Once you find the line with "Chodnik we Wszedzieniu", transcribe it and all the lines that follow to the end of the data, exactly as written; skip any pictures.

*** Opening of Data ***

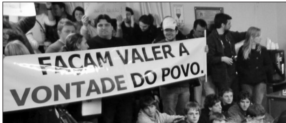
Manifestação dentro do Plenário

A proposta de elevar o número de vereadores em Carlos Barbosa, de 9 para 11, se concretizou nesta quarta-feira, dia 31 de agosto, conforme a Emenda Constitucional que estabelece o limite de parlamentares de acordo com a faixa da população. Em uma sessão ordinária considerada histórica para o município, a proposta foi aprovada em segundo turno com o apoio das bancadas do PP, PT, PC do B e DEM. Contrários a essa iniciativa, mantiveram-se o PMDB e o PDT.
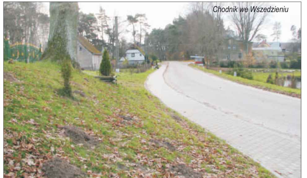
Chodnik we Wszedzieniu
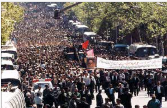
۲۱ فروردین ۱۳۷۸/ نمایی از مراسم پرشکوه تشییع پیکر شهید علی صیادشیرازی؛ شهید سبهد علی صیادشیرازی در سازماندهی نیروهای انقلابی ارتش نقش بسزایی داشت و پس از پیروزی انقلاب، در بحبوحه غائله سال ۱۳۵۸ ضدانقلاب در کردستان، به فرماندهی عملیات شمال غرب کشور برگزیده شد و از همانجا منافقین کینه او را به دل گرفتند.

*** Close of Data ***

-- Final answer --
Chodnik we Wszedzieniu
۲۱ فروردین ۱۳۷۸/ نمایی از مراسم پرشکوه تشییع پیکر شهید علی صیادشیرازی؛ شهید سبهد علی صیادشیرازی در سازماندهی نیروهای انقلابی ارتش نقش بسزایی داشت و پس از پیروزی انقلاب، در بحبوحه غائله سال ۱۳۵۸ ضدانقلاب در کردستان، به فرماندهی عملیات شمال غرب کشور برگزیده شد و از همانجا منافقین کینه او را به دل گرفتند.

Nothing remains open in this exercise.